As such, Skeleton Crew feels like a meditation on the current state of the Star Wars brand, and the various tensions simmering through it. It is, perhaps, a skeleton key to understanding what exactly is happening within the Star Wars franchise.

Comments

I don't know. I tend to assume there is at least some self-awareness there, if only because so much of Watts' career has been inside these gigantic franchise machines, so I assume he has to have some thoughts about them.

Darren Mooney

Not that it matters, I'm just curious: Does anything of this appear intentional? Does it feel like someone being self-aware, at least subconsciously?

JR

Glad you enjoyed!

Darren Mooney

Really great insight Darren. I just thought that Skeleton Crew was a really good show before but now it's a really good show with great things to say.

Peter

Yep. It's - I think - a big divide between me and a lot of people on nostalgia. I don't need to be *reminded* of the thing when I have *the thing* only a few clicks away. It's that thing of "Why would I watch Strange New Worlds when I have Voyager on the same streaming service?" EDITTED TO ADD: This is not to say that there's no point in revisiting old movies and shows, and engaging with them. There absolutely is, but only if you're going to further them, develop them or explore them. If you're just trying to recreate them, they'll just end up as uncanny copies of a thing that already exists in its purist form.

Darren Mooney

Huh, that's actually a very interesting point about nostalgia there Darren, 'cause since you said that movies like "The Goonies", "Flight of the Navigator," and "E.T." have always been accessible to you via home media or streaming that would be proof right there of how distance via time factors into nostalgia. Now I'm thinking on that Darren, thanks. ❤😄

Lil' Cass

❤❤❤

Lil' Cass

Thanks. Yeah, I began to feel that way when they landed on the war world, but it really became clear to me with the resort planet and the emphasis on the mint. I think it's a solid enough argument to merit an article. (Somebody on Twitter also pointed out that pirates are also very much part of the Disney brand, and so the emphasis on them is itself part of the metaphor - think "Treasure Planet", the franchise and the ride "Pirates of the Caribbean", their adaptations of "Treasure Island", and even "Peter Pan" - with Law playing Hook in the most recent adaptation. It's a great "I wish I'd made that connection!" point.)

Darren Mooney

Thank you! Much appreciated.

Darren Mooney

I am, admittedly, rather "meh" on it.
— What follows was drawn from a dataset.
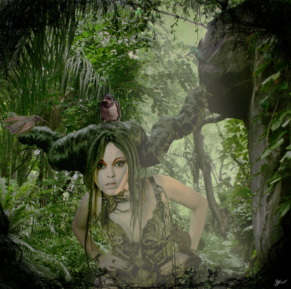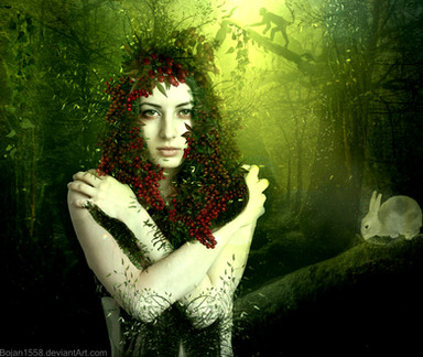 This looks good. You did a very nice job of keeping the animals in the right size in comparison with the nymph. However, it's a little off balance as far as colors are concerned. Putting some of the same flowers, or different flowers in the same colors, on the right hand side will help pull the eye to that side as well to make it a better balance image. Otherwise, the eye will stay on the nymph and the animals. The large face becomes less important, and getting color on the right hand side will help with that as well.

But I was also "meh" on "The Mandalorian", so what do I know? (I have enjoyed "The Acolyte" and I love "Andor.") That said, it is obviously very competent at what it trying to do, which is to capture something like "The Goonies" or "Flight of the Navigator" or "E.T." It's just that I've never really felt nostalgia for those things. (They've always been a VHS, a DVD, a blu ray or a stream away for me.)

Darren Mooney

Another excellent commentary from Darren. I would have never thought of Skeleton Crew as an allegory for the state of Star Wars today, but it makes a lot of sense. Great stuff 👍

Edward

This is a very interesting and thought-provoking viewpoint Darren, thank you for sharing it❤😄

Lil' Cass

Thanks Darren. I’m looking forward to what we refer to as the “pesky kids” show in our household.